Sie lachte wieder hell auf.
»Machen Sie daraus, was Sie wollen, Cousin – Gott mit Ihnen!«
»Und auch mit Ihnen! Aber . . . Cousine . . .«
Er hielt in seiner Rede ein: es war ihm plötzlich, als fiele ihm eine Last vom Herzen. Er lachte gutmütig, halb über sie und halb über sich selbst.
»Aber . . . aber sollen wir wirklich so voneinander scheiden: so kalt, so gar nicht als Freunde, so verärgert, fast als Feinde?« brach es plötzlich aus ihm hervor, und sein ganzer Zorn schien verraucht. Er erhob sich und streckte ihr die Hand entgegen, und seine Augen ruhten wieder wie verzückt auf ihrer Gestalt. Es verlangte ihn nach der früheren Freundschaft, nach der alten, harmlosen Vertraulichkeit. Noch war der Eindruck nicht verwischt, den sie auf ihn gemacht hatte, noch stand er, wie er sie vor sich sah, im Banne ihrer Schönheit. In seiner Stimme klang noch immer ein leises Zittern, und die angeborene Gutmütigkeit, die bösen Gefühlen in seiner Seele keinen Raum gab, trat deutlich zutage.
»Als Freunde! Wie sind Sie mit meiner Freundschaft umgegangen?« sagte sie im Tone des Vorwurfs.
»Geben Sie sie mir zurück, Cousine,« bat er, »vergeben Sie Ihrem ein klein wenig . . . verliebten Cousin, und leben Sie wohl!«
Er küßte ihr die Hand.
»Werde ich Sie nicht mehr sehen?« fragte sie lebhaft.
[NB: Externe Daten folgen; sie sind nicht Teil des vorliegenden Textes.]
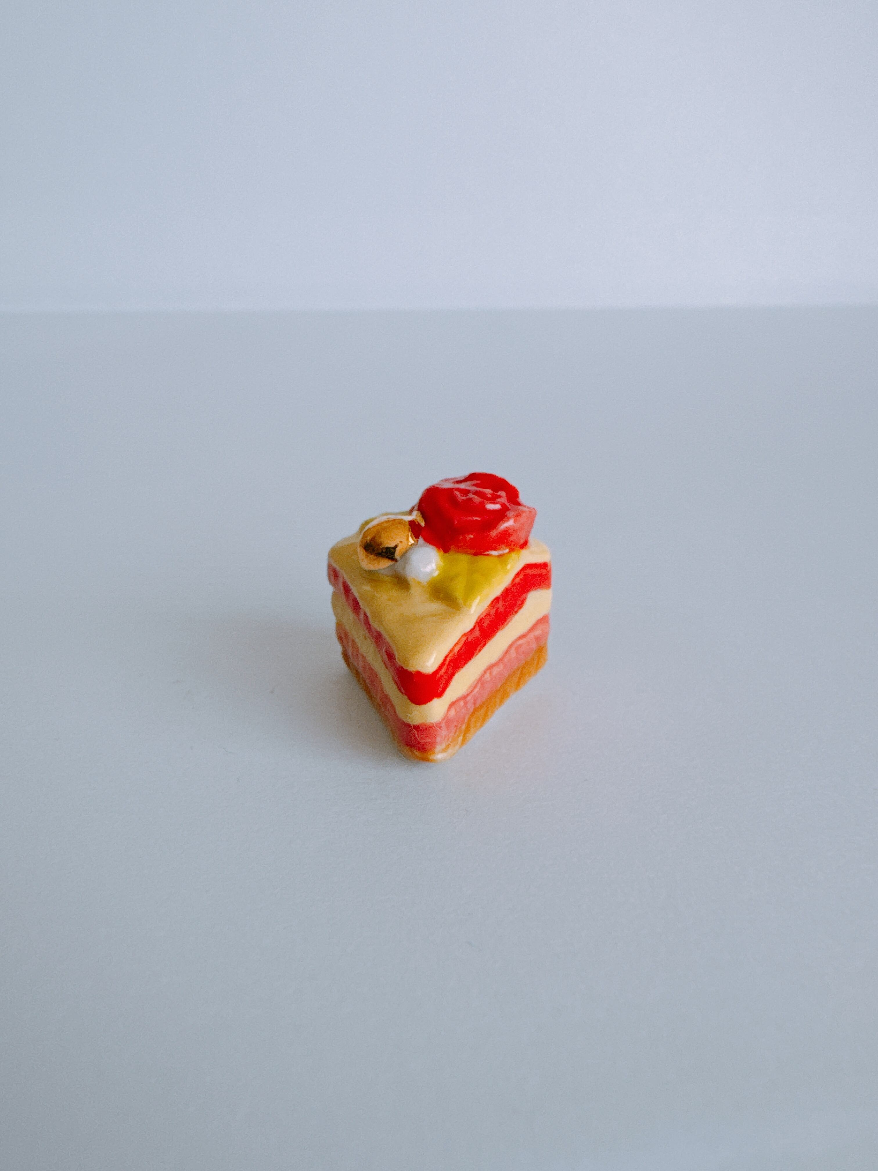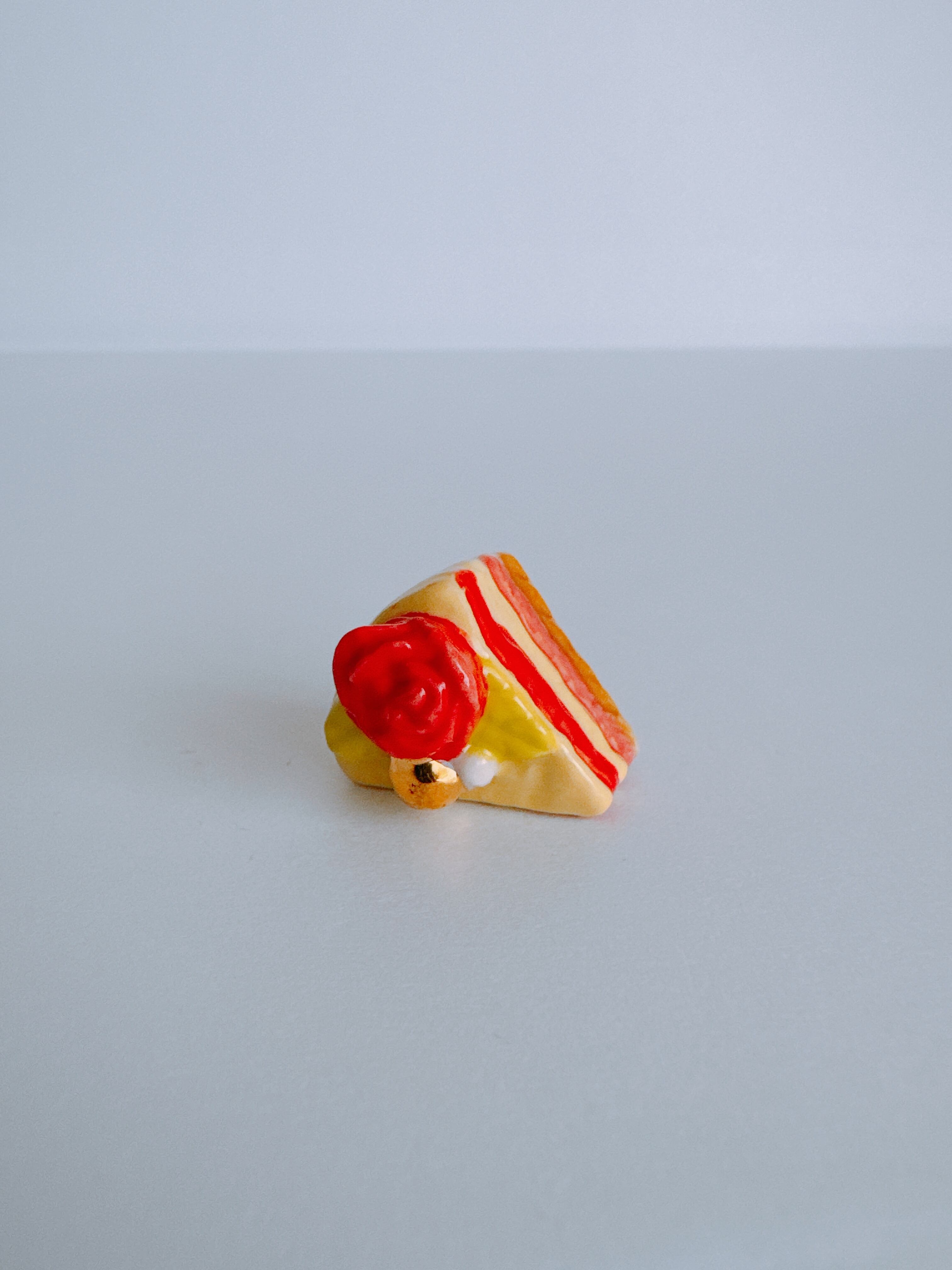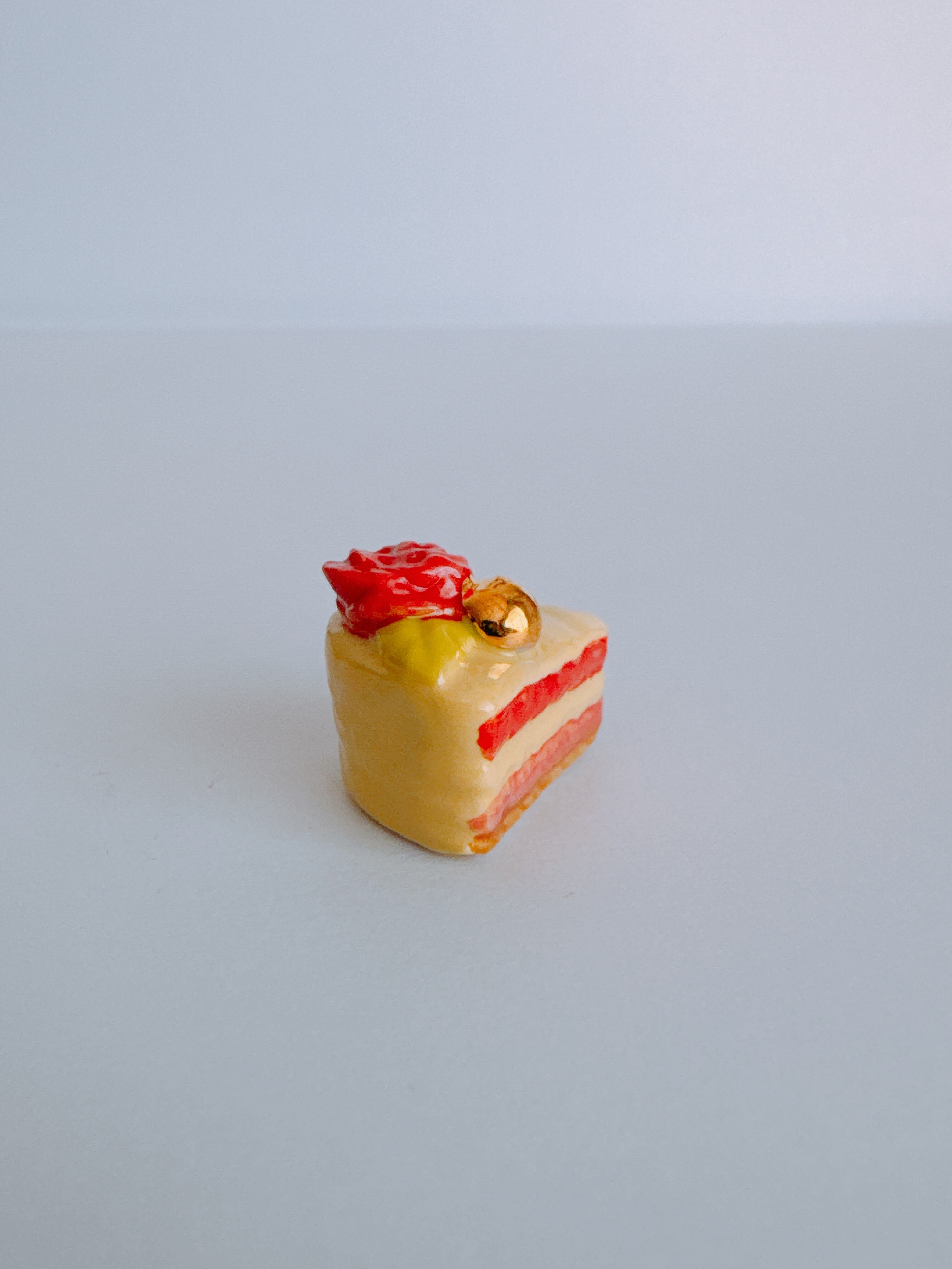 やわらかなピスタチオカラーに、鮮やかないちごの層を重ねた華やかなケーキ。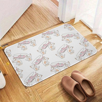 Cute Cat Is Playing With Yarn Bathroom Rugs Winter Bath Mat Absorbent Non Slip Bathroom Mat Christmas Soft Floor Carpet 16x20 Inches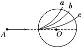 圆形区域内有垂直于纸面的匀强磁场,三个质量和电荷量都相同的带电粒子a、b、c,以不同的速率沿着AO方向对准圆心O射入磁场,其运动轨迹如图所示.若带电粒子只受磁场力的作用,则下列说法正确的是 ( )![]()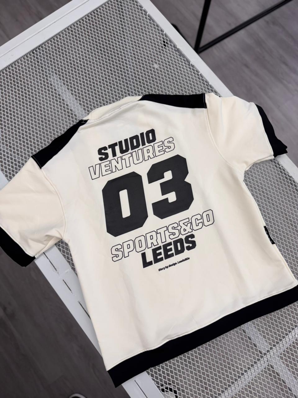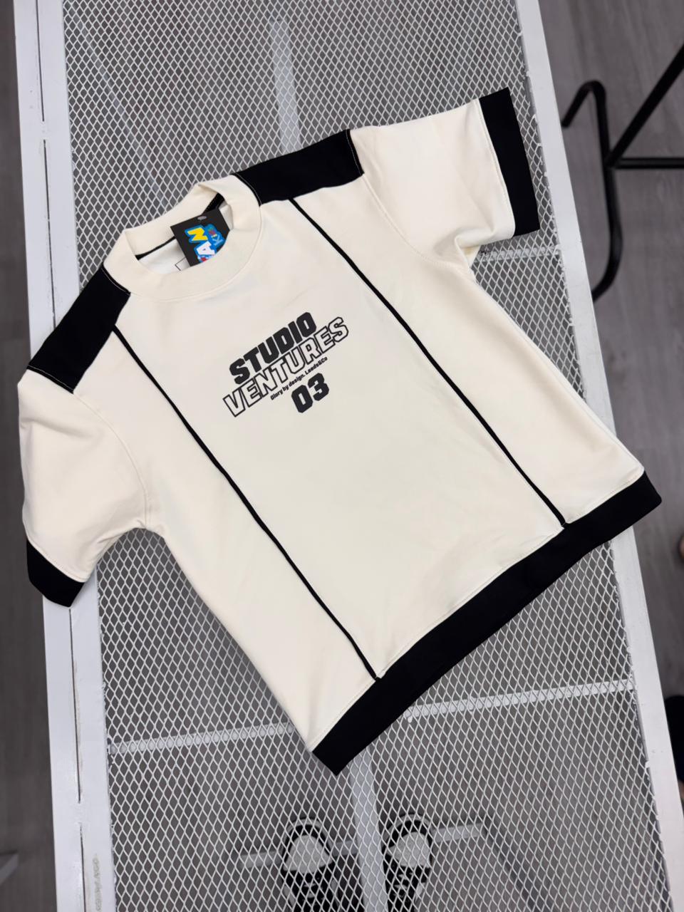 Diseño moderno con detalles en negro y beige, camiseta estampada y short bicolor de corte urbano.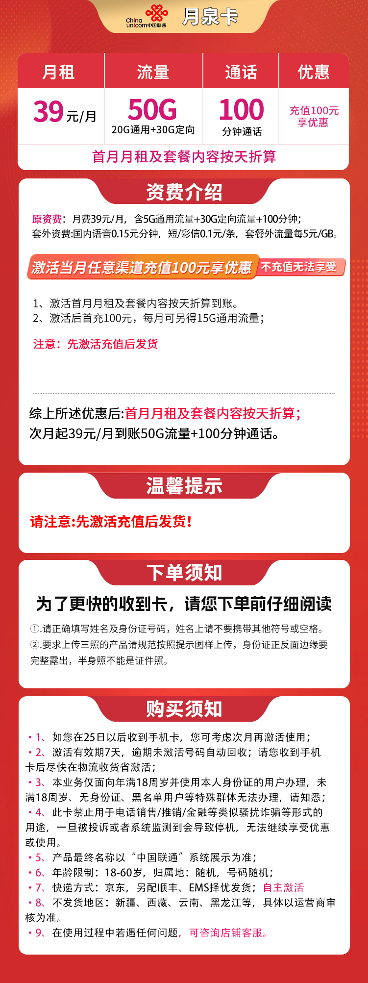 - **激活要求**:先充值100元再发货,不充值无法享受优惠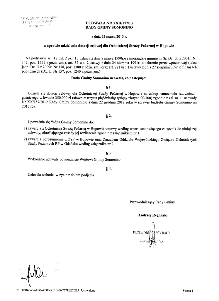 UCHWALA NR XXII/I 77 /13 RADY GMINY SOMONINO Na podstawie art. 18 ust. 2 pkt. 15 ustawy z dnia 8 marca 1990r.o samorządzie gminnym (tj. Dz. U. z 200lr. Nr 142, poz. 1591 z późno zm.), art. 32 ust. 2 ustawy z dnia 24 sierpnia 1991r. o ochronie przeciwpożarowej (tekst jedno Dz. U.z 2009r. Nr 178, poz. 1380 z późno zm.) oraz art. 221 ust. 1 ustawy z dnia 27 sierpnia2009r. o finansach publicznych (Dz. U. Nr 157, poz. 1240 z późno zm.) Rada Gminy Somonino uchwala, co następuje: Udziela się dotacji celowej dla Ochotniczej Straży Pożarnej w Hopowie na zakup samochodu ratowniczogaśniczego w kwocie 350.000 zł (słownie: trzysta pięćdziesiąt tysięcy złotych 00/100) zgodnie z zał. nr 11 uchwały Nr XX/157/20l2 Rady Gminy Somoninio z dnia 22 grudnia 2012 roku w sprawie budżetu Gminy Somonino na 2013 rok. Upoważnia się Wójta Gminy Somonino do: 1) zawarcia z Ochotniczą Strażą Pożarną w Hopowie umowy według wzoru stanowiącego załącznik do niniejszej uchwały, określającego zasady jej rozliczenia zgodnie z załącznikiem nr 1. 2) zawarcia porozumienia z OSP w Hopowie oraz Zarządem Oddziału Wojewódzkiego Związku Ochotniczych Straży Pożarnych RP w Gdańsku według załącznika nr 2. Załączniknr 1 do uchwały Rady Gminy Somonino Nr XXII/177/13z dnia 22 marca 2013r. l. Gminą Somonino, zwaną dalej Dotującym, reprezentowaną przez Wójta Gminy - Pana Mariana Kryszewskiego oraz 2. Zarządem Ochotniczej Straży Pożarnej w Ropowie, zwanym dalej OSP, na podstawie: 1. Art. 32 ust. 2 ustawy z dnia 24 sierpnia 1991r. o ochronie przeciwpożarowej (tekst jedno Dz. U. z 2009 r. Nr 178, poz. 1380 z późnozm.) 2. Art. 221 ustawy z dnia 27 sierpnia 2009r. o finansach publicznych (Dz. U. Nr 157, poz. 1240 z późno zm.) 3. Uchwały Nr ./ /2013 Rady Gminy Somonino z dnia 2013r. w sprawie udzielania dotacji dla Ochotniczej Straży Pożarnej w Ropowie. o następującej treści: §1 l. Na podstawie mmeJszeJ umowy Dotujący udziela OSP pomocy finansowej w formie dotacji celowej w wysokości 350.000,00 zł (słownie: trzysta pięćdziesiąt tysięcy złotych 00/100) z przeznaczeniem na dofinansowanie zakupu samochodu ratowniczo - gaśniczego. 2. Kwota, o której jest mowa w ust. l zostanie przekazana na konto OSP nr o oo o.... ..... - w terminie 7 dni od daty otrzymania podpisanej umowy. 3. OSP nie może przeznaczyć kwoty, o której mowa w ust. l na realizację innych celów niż objętych niniejszą umową. §2 OSP zobowiązuje się do terminowej realizacji zadania inwestycyjnego. §3 l. Dotacja celowa, o której mowa w § l może być wykorzystana w nieprzekraczalnym terminie do dnia 30 listopada 2013 roku. 2. W terminie przedstawi 9 dni od daty wykorzystania Dotującemu rozliczenie środków przyznanych finansowych oraz zwróci niewykorzystaną z pomocy i publicznej, wykorzystanych OSP środków część dotacji celowej na rachunek bankowy Urzędu Gminy Somonino nr 91 8309 0000 0080 O l 05 2000 0020 3. Rozliczenie, o którym mowa w ust. 2 będzie polegało na przedłożeniu uwierzytelnionych przez umocowane osoby kserokopii faktur, rachunków przez OSP lub innych dowodów księgowych wraz z dokumentami przelewu . 4. Środki dotacji celowej wykorzystane nadmiernej wysokości podlegają niezgodnie z przeznaczeniem zwrotowi do Dotującego wysokości określonej jak dla zaległości podatkowych wraz lub pobrane w z odsetkami w w terminie do dnia 31 grudnia 20 13r. na konto bankowe wskazane w ust. 2. 5. Odsetki, wykorzystanej o których mowa w ust. 4 nalicza niezgodnie z przeznaczeniem OSP do dnia zwrotu włącznie, SIę w przypadku od dnia przekazania a w przypadku stwierdzenia zwrotu dotacj i dotacji na rachunek nienależnego pobrania dotacji od dnia tego stwierdzenia do dnia zwrotu włącznie. Gmina Somonino zastrzega sobie prawo kontroli w zakresie prawidłowości, i rzetelności realizacji dotowanego zadania, w tym dokumentów zgodności finansowych w terminie do 3 lat od dnia, w którym nastąpiło rozliczenie dotacji. Wszelkie zmiany umowy wymagają dla swej ważności formy pisemnej w formie aneksu. §6 W sprawach nieuregulowanych niniejszą umową zastosowanie mieć będą przepisy ustawy o finansach publicznych, o samorządzie gminnym oraz przepisy pozostające w związku z niniejszą umową. §7 Ewentualne spory wynikające z niniejszej umowy rozstrzygane będą przez strony w drodze wspólnych uzgodnień, a w przypadku nie osiągnięcia właściwym do rozstrzygania będzie Sąd Rejonowy w porozumiema, . §8 Umowa została sporządzona w 2 jednobrzmiących egzemplarzach po l egz. dla każdej ze stron. Załącznik nr2 do uchwały Rady Gminy Somonino Nr XXIIIl77/13z dnia 22 marca 2013r. zawarte w dniu pomiędzy Gminą Somonino zwaną dalej "Gminą" reprezentowaną przez: - Mariana Kryszewskiego - Wójta Gminy Ochotniczą Strażą Pożarną w Hopowie, zwaną dalej OSP, reprezentowaną przez: - Ryszarda Pyszka - Prezesa OSP Hopowo a Zarządem Oddziału Wojewódzkiego Związku Ochotniczych Straży Pożarnych RP w Gdańsku, reprezentowanym przez: - Grzegorza Pladzyka - Dyrektora Zarządu Wykonawczego OW ZOSP RP w Gdańsku, zwany dalej "Oddziałem Wojewódzkim ZOSP RP" §1 l. Gmina zobowiązuje się do przekazania na zakup średniego samochodu, ratowniczo-gaśniczego, kwoty wynikającej z przetargu przeprowadzonego przez Oddział Wojewódzki ZOSP RP pomniejszonej o wysokość dotacji wymienionej w § 2 oraz wpłaty OSP wymienionej w § 3. W przypadku nie wykorzystania tych środków, bądź wykorzystania ich niezgodnie z przeznaczeniem (przekazana) kwota podlega zwrotowi. 2. Kwota, o której mowa w ust. l zostanie przekazana przez Gminę w fonnie dotacji celowej dla OSP Hopowo. §2 Oddział Wojewódzki ZOSP RP w Gdańsku realizuje dotację KW PSP - środki KSRG w wysokości IS0.000zł (słownie: sto pięćdziesiąt tysięcy), która wraz z kwotą przekazaną przez Gminę i OSP (określoną w § l i 3), zostanie wykorzystana na zakup średniego samochodu ratowniczo-gaśniczego z

»Für diese Frage bitte ich, nochmals Ihre Hand küssen zu dürfen. Ich bin wieder der Raiski von früher und rufe Ihnen zu: lieben Sie, Cousine, genießen Sie, denken Sie an alles das, was ich Ihnen dereinst gesagt habe . . . nur vergessen Sie Ihren Vetter Raiski nicht ganz! Aber warum mußten Sie sich nur in diesen . . . Grafen verlieben?« fügte er leise, mit bedauerndem Lächeln hinzu.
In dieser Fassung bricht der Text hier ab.